Hirono's campaign has also been helped by the late entry of campaign and media advisor Jack Seigle. Seigle, who successfully steered the campaigns of every Democratic governor from John Burns to Ben Cayetano, has been living in Colombia since last year and has not been involved in local politics until now.

"Basically, we have been working via e-mail," Toyofuku said. "He is a great help in giving me insights on the media and the campaign strategy."

The media strategy in the closing days of a campaign for both camps may not be all that illuminating, according to media experts. Helen Varner, dean of the Hawaii Pacific University College of Communications, worries that both campaigns are moving to negative campaigning as a way to grab the attention of some undecided voters.

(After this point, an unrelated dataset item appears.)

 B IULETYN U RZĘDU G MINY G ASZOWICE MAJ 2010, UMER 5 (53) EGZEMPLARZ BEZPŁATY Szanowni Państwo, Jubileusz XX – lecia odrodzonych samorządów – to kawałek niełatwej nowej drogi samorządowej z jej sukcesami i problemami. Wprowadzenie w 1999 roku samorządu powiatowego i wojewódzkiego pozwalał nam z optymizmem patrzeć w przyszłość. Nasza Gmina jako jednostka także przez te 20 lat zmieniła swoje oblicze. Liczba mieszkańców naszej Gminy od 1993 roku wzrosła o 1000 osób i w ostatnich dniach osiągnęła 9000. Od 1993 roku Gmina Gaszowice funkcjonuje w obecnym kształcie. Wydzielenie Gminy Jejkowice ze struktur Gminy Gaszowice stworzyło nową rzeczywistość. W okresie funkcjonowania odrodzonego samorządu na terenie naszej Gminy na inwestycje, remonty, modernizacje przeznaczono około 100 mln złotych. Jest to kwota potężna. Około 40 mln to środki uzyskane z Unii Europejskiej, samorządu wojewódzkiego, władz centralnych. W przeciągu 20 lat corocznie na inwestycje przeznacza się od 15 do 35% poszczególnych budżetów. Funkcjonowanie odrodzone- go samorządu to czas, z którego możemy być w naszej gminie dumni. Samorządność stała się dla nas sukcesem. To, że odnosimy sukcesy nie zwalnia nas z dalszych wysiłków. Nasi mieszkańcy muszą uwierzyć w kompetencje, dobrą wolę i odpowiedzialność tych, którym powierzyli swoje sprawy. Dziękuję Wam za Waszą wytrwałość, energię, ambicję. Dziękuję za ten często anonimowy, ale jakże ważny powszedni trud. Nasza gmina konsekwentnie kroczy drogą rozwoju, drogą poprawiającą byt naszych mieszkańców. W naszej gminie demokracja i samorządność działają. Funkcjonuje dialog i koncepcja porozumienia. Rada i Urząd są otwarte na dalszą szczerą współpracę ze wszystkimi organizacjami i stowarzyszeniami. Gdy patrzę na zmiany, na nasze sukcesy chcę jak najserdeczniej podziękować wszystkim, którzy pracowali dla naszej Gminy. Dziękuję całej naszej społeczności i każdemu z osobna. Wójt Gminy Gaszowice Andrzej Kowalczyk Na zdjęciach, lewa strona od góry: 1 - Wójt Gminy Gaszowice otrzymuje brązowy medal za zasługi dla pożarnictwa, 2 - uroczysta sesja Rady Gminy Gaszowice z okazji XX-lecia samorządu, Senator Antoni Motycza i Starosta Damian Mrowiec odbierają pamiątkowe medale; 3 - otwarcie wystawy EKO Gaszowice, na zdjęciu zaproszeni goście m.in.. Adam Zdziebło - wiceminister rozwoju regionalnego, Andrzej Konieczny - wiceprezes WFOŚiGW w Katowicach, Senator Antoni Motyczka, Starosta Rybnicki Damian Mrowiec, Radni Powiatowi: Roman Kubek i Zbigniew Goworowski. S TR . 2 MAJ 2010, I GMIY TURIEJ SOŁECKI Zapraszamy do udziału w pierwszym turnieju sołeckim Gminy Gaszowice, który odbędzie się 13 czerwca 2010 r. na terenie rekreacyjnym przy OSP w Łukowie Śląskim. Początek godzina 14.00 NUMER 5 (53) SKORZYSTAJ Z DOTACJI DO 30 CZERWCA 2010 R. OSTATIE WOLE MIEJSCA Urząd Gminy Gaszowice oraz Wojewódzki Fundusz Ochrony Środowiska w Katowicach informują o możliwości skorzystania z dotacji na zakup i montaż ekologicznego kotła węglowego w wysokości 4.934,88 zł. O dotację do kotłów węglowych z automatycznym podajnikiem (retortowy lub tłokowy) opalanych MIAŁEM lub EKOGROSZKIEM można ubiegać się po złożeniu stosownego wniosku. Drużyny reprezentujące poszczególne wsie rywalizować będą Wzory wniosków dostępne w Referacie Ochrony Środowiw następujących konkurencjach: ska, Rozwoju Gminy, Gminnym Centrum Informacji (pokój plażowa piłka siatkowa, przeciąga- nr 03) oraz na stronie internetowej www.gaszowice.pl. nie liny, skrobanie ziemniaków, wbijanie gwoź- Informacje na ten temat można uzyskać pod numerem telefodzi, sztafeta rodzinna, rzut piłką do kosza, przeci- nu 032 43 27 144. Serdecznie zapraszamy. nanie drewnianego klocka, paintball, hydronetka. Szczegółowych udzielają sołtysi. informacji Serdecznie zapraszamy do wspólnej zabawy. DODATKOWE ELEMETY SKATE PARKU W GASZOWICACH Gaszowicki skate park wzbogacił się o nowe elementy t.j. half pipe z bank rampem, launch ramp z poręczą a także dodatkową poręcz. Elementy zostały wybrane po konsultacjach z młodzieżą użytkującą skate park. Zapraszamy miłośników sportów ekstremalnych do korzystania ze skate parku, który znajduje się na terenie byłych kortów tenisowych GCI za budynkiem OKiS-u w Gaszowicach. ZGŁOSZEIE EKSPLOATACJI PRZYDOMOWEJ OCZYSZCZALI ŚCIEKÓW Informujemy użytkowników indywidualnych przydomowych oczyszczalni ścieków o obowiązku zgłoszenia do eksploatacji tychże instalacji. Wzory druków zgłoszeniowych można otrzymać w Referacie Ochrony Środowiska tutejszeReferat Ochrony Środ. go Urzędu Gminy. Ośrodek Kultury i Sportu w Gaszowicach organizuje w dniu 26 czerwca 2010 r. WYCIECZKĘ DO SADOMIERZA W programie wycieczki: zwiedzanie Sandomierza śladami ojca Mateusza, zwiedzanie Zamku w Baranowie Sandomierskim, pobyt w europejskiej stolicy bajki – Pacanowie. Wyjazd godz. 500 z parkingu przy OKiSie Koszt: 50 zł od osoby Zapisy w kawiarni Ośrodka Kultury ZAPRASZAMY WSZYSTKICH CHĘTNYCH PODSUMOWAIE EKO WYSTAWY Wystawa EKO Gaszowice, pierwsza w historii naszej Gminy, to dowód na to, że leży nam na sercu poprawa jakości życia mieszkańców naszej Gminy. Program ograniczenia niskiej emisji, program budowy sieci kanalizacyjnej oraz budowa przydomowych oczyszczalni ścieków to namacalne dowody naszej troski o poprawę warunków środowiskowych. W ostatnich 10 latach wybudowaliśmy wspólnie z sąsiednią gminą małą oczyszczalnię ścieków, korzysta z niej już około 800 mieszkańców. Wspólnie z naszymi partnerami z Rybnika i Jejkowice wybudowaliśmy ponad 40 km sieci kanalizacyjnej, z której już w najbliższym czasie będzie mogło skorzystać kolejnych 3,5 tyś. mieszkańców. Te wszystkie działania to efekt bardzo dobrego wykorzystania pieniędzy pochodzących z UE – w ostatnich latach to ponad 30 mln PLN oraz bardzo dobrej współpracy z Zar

"Most voters want to see advertising that gives them a reason to vote; what we are seeing is why we should not vote," Varner said.

The last-minute attack, however, has become a staple of political campaigning, according to Bruce Altschuler, chairman of the political science department at State University of New York and the author of four books on political advertising.

"Last-minute attacks have often included some of the most scurrilous of smears largely because there is not enough time for rebuttal," Altschuler said.

Also, last-minute negative ads, according to studies, tend to cut down the number of voters who will go to the polls.

Varner agrees, adding that campaigns have to produce a dramatic commercial to move the voters.

"That is why you have (former President Bill) Clinton, (former New York City Mayor Rudolph) Giuliani and Konishiki all in the campaigns," Varner said.

"Hirono is hoping that a little of Clinton's prestige will rub off on her, and Lingle is hoping that some of the hero worship we have for Rudy Giuliani will rub off on her," Varner said.